I'll continue reading with the assumption that you did.
> #12 0x000010000015743c in std::__ostream_insert<char,
> std::char_traits<char> > (__out=..., __s=0x40303a "PASS", __n=__n@entry=4)
> at
> /usr/src/debug/gcc-10.3.1-1.fc33.x86_64/obj-x86_64-redhat-linux/x86_64-redhat-linux/libstdc++-v3/include/bits/ostream_insert.h:82
> #13 0x0000000000401ccf in std::operator<< <std::char_traits<char> >
> (__s=<optimized out>, __out=...)
> at /usr/include/c++/10/bits/char_traits.h:371
> #14 report (ok=<optimized out>, msg="v7 in init function") at
> /home/wkozaczuk/projects/osv-true-master/tests/tst-tls.cc:57
> #15 0x00000000004014b3 in before_main () at
> /home/wkozaczuk/projects/osv-true-master/tests/tst-tls.cc:127
> #16 0x00000000402972c5 in elf::object::run_init_funcs
> (this=0xffffa0000094a600, argc=argc@entry=1, argv=argv@entry
> =0xffffa0000094a400)
> at core/elf.cc:1178
> #17 0x0000000040298a0b in elf::program::init_library (this=<optimized
> out>, argc=1, argv=0xffffa0000094a400) at core/elf.cc:1500
> #18 0x000000004020c239 in osv::application::main (this=0xffffa0000094cc10)
> at core/app.cc:319
> #19 0x0000000040365cb9 in operator() (app=<optimized out>, __closure=0x0)
> at core/app.cc:236
> #20 _FUN () at core/app.cc:238
> #21 0x0000000040398a66 in operator() (__closure=0xffffa00000abda00) at
> libc/pthread.cc:116
> #22 std::__invoke_impl<void, pthread_private::pthread::pthread(void*
> (*)(void*), void*, sigset_t, const
> pthread_private::thread_attr*)::<lambda()>&> (__f=...) at
> /usr/include/c++/10/bits/invoke.h:60
> #23 std::__invoke_r<void, pthread_private::pthread::pthread(void*
> (*)(void*), void*, sigset_t, const
> pthread_private::thread_attr*)::<lambda()>&> (__fn=...) at
> /usr/include/c++/10/bits/invoke.h:153
> #24 std::_Function_handler<void(), pthread_private::pthread::pthread(void*
> (*)(void*), void*, sigset_t, const
> pthread_private::thread_attr*)::<lambda()> >::_M_invoke(const
> std::_Any_data &) (__functor=...) at
> /usr/include/c++/10/bits/std_function.h:291
> #25 0x00000000403391ea in sched::thread::main (this=0xffff800000e82040) at
> core/sched.cc:1267
> #26 sched::thread_main_c (t=0xffff800000e82040) at
> arch/x64/arch-switch.hh:325
> #27 0x00000000402d3b33 in thread_main () at arch/x64/entry.S:116
>
> I have been researching this for a bit and realized that when I change the
> report() function not use std::cout but instead use printf() like so:
>
> printf("%s: %s\n", ok ? "PASS" : "FAIL", msg.c_str());
> the crash goes away.
>
> I knew something was wrong with the initialization of some objects but
> could not quite pin it down. Then I tried to run the tst-tls-pie.so on the
> Linux host (it is a pie) and it crashed with a segmentation fault. This
> made me think that maybe something is wrong with the test program itself.
>
Interesting. I remember tests/tst-tls.cc did work on Linux in the past, and
the "pie" compilation which you added in
70547a6c64c56cbdf4c5b5d0c7eaa1e85badb0f7 should supposedly have worked too
but I don't see that you documented it. Maybe you never ran it on Linux?

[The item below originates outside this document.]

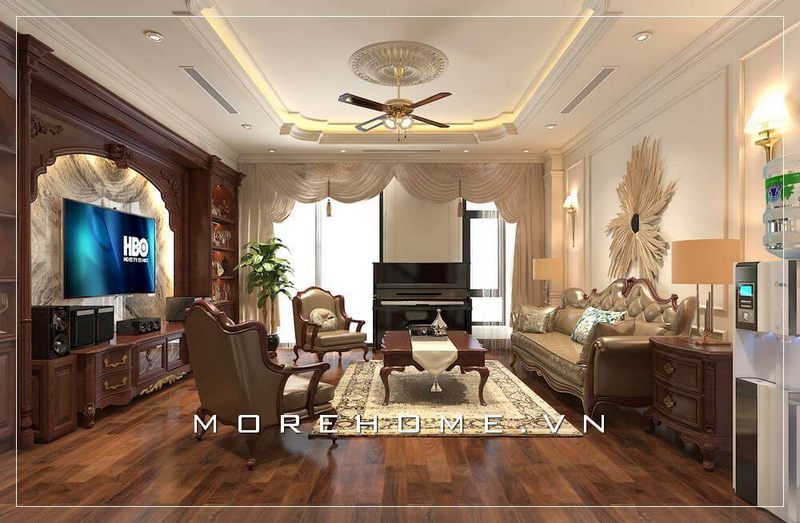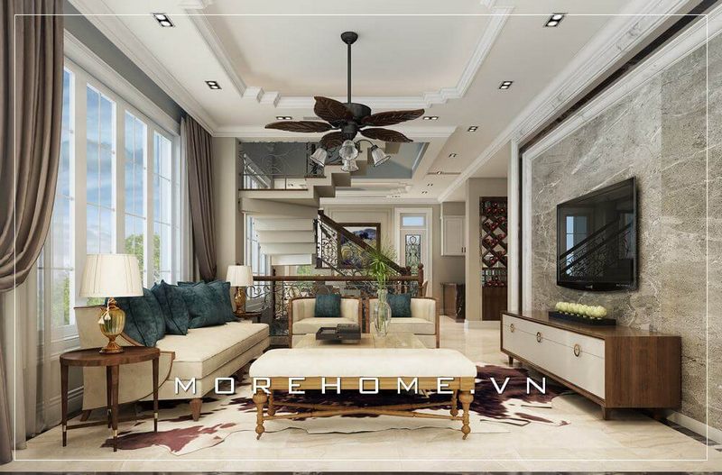 Thiết kế nội thất phòng khách biệt thự phong cách tân cổ điển sang trọng và đẳng cấp

> Finally, I found this on the internet -
> https://gcc.gnu.org/bugzilla/show_bug.cgi?id=94810 - where somebody tried
> to compile and run a program with a similar construct: std::cout used in
> the __constructor__ annotated function. The stack trace looks very similar
> as well. The bug was rejected with the explanation that the
> std::ios_base::Init object may not be initialized yet if used in the
> __constructor__ annotated function.
>
> What is interesting this test happens to work with kernel exposing all
> symbols including stdc++ because the kernel copy of std::ios_base::Init was
> already initialized.
>
Very interesting, and nice detective work. Yes, I think this is exactly the
same bug.
*However*, I'm not sure I understand why it shouldn't have worked:
If test-tls-pie's *depends* on libstdc++.so, unless I'm missing something,
OSv should run libstdc++'s constructors *before* it runs test-tls-pie's.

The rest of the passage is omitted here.